Ce n’est donc pas un problème qui se règle au moment de la consommation (c’est-à-dire en bout de chaine) mais au moment de la production. Il faut se battre pour que les États régulent (voire planifient ?) l’économie et qu’on ait plus cette surproduction se traduisant par du gaspillage et des tonnes de déchets. Il n’y a pas de surconsommation mais il y a une surproduction de certains produits non essentiels. Mais pas de tout les produits, précisons bien. Produisons-nous assez de médicaments, par exemple ? Pas sûr. Et dans les domaines où il y a une surproduction, celle-ci n’est même pas profitable aux travailleurs car comme nous l’avons vu plus tôt, certains ont du mal à accéder à tous les biens d’équipement et encore plus n’ont jamais accès aux biens de consommation. De plus, la surproduction impose des cadences infernales à ceux qui travaillent dans la distribution ou dans les usines, surtout dans les pays avec des droits du travail malheureusement bien moins élevés qu’en France. Car il faut produire toujours plus, et pour moins cher.
Pourquoi ces militants se concentrent-ils sur la consommation ?
Avant de continuer, je dois expliquer pour ceux qui ne le savent pas comment sont définis les trois secteurs économiques. Le secteur primaire désigne les entreprises collectant des matière premières (fermes, mines, chasseurs, etc). Le secteur secondaire désigne les entreprises participant à la transformation des matières premières (usines, manufactures, artisanat). Et enfin, le secteur tertiaire désigne les entreprises de services (salons de coiffure, emplois de bureaux, grande distribution, Éducation Nationale, etc). Et durant le XXe siècle, il y a eu une tertiarisation du monde du travail pour des raisons que nous n’allons pas évoquer ici car ce serait trop long.

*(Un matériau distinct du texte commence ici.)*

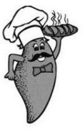 The mark consists of a caricature of a chef with a body shaped like an empanada carrying a plate of empanadas.
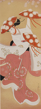 もう一つの売れ筋は、吉原をはじめとする郭の花魁たち。容易には会うことが出来ない彼女たちも浮世絵の好題材でした。そして、彼女たちが得意とした芸事も注目されて、三味線を爪弾いたり、舞い踊ったり……巧みな芸の姿を浮世絵に取り込むことも積極的に行われていました。その流れを引き継いで描かれた近代の日本画には、物語のヒロインや遊女や芸舞妓、日本舞踊をテーマにしたものが数多くあります。ここではそれぞれを分野ごとに展示して、その魅力に迫ります。
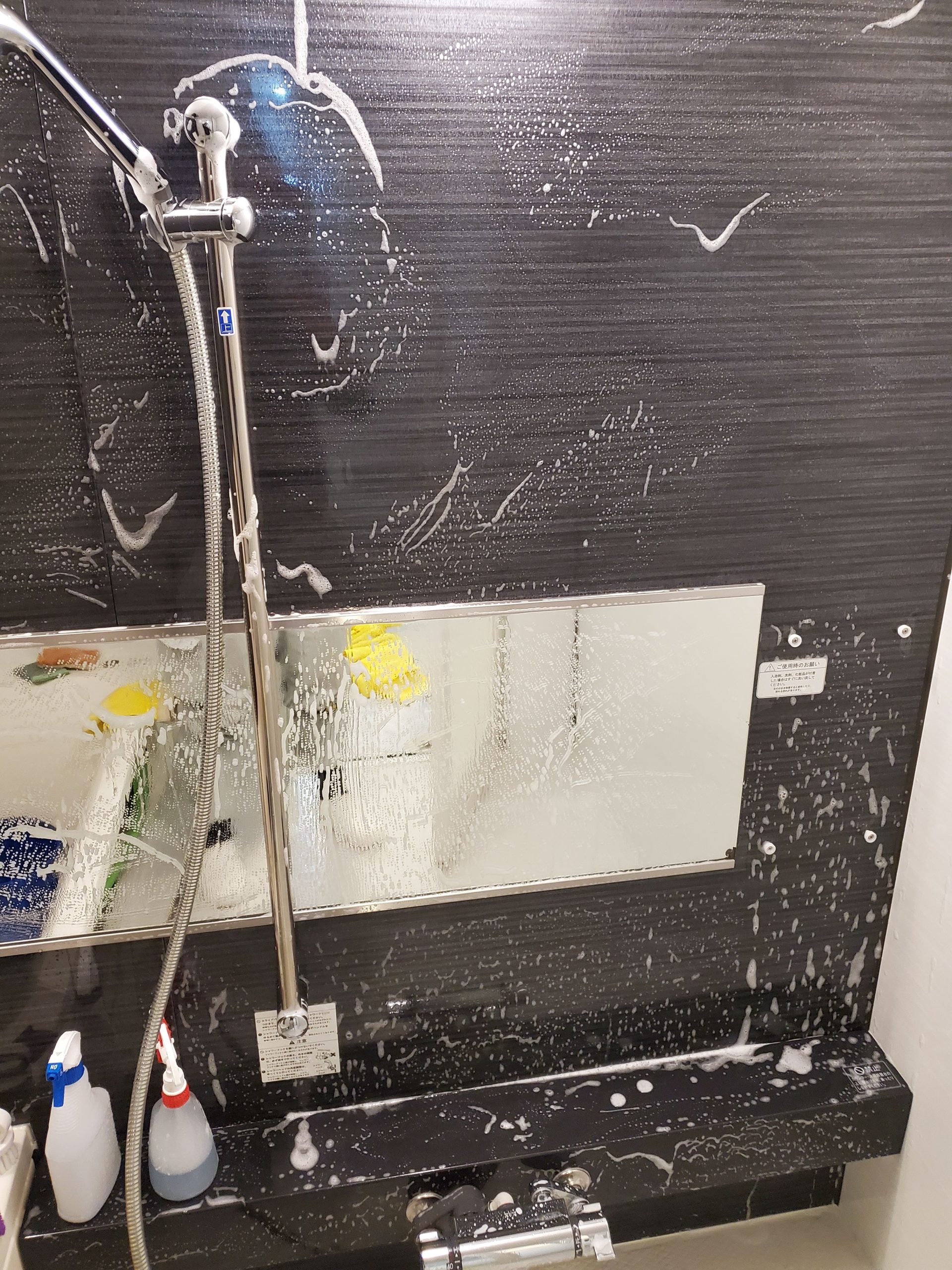 浴室では、壁面や鏡周辺の汚れに対し、適切な薬剤を塗布してじっくりと分解・洗浄いたしました。
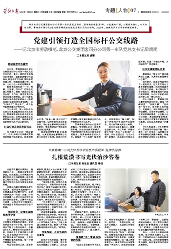 2020年8月,第一车队成为北京公交集团基层党总支试点单位。梁南南带领车队班子成员边探索边实践,总结出基层党总支部标准化建设范例,推动基层党组织规范化水平迈上新台阶。
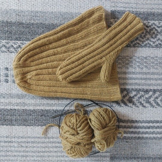20 M x 30 Rdn = 10 x 10 cm im 2x2-Rippenmuster, gewaschen und gespannnt
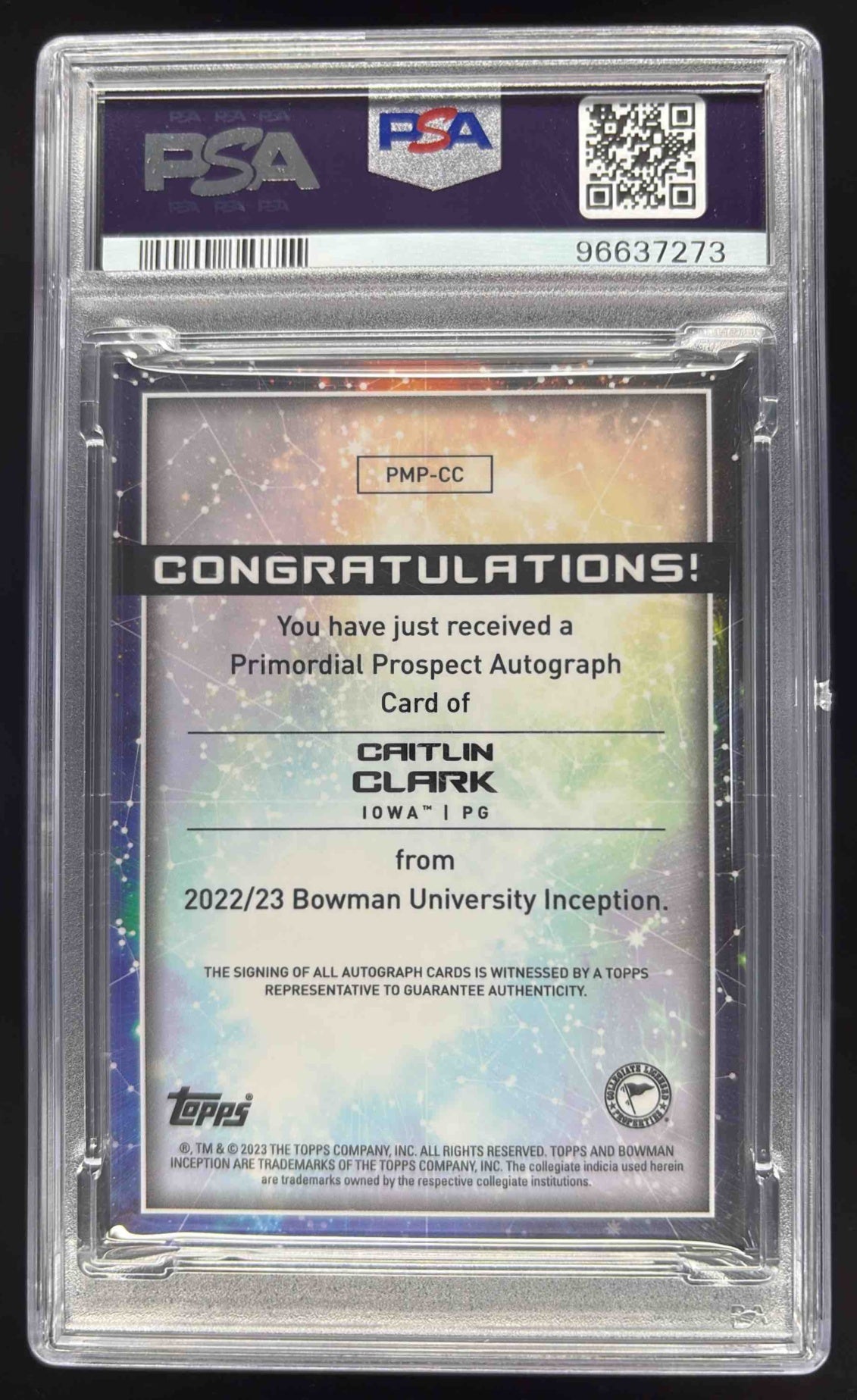 2022 Bowman University Inception Primordial Caitlin Clark Auto /99 PSA 8.5

Michel Clouscard observait déjà dans les années 70-80 que la gauche parlait de plus en plus de la consommation mais de moins en moins de la production. Enfin, une certaine gauche surtout, la gauche estudiantine et la gauche bourgeoise. Pourquoi ? Parce qu’ils étaient éloignés de la production. Un étudiant d’une famille aux revenus convenables ou un artiste bourgeois est loin des usines, des mines ou des champs. Avec la tertiarisation de l’emploi, on a de plus en plus de gens qui sont éloignés de la production des marchandises puisqu’ils travaillent majoritairement dans des services, soit en bout de chaine (distribution), soit en dehors de la chaine de production.
Attention cependant à ne pas avoir un discours ouvriériste caricatural : ce n’est pas parce que quelqu’un travaille dans le tertiaire qu’il est embourgeoisé. Les employés du tertiaire ont énormément de statuts variés, contrairement à ce qu’en dit Alain Soral ce ne sont pas que des métiers de bureau ou des emplois « d’Untermensch qui conduisent une bagnole dans Paris ». Le teritaire, ça va de la femme de ménage jusqu’au patron de Uber. C’est vaste.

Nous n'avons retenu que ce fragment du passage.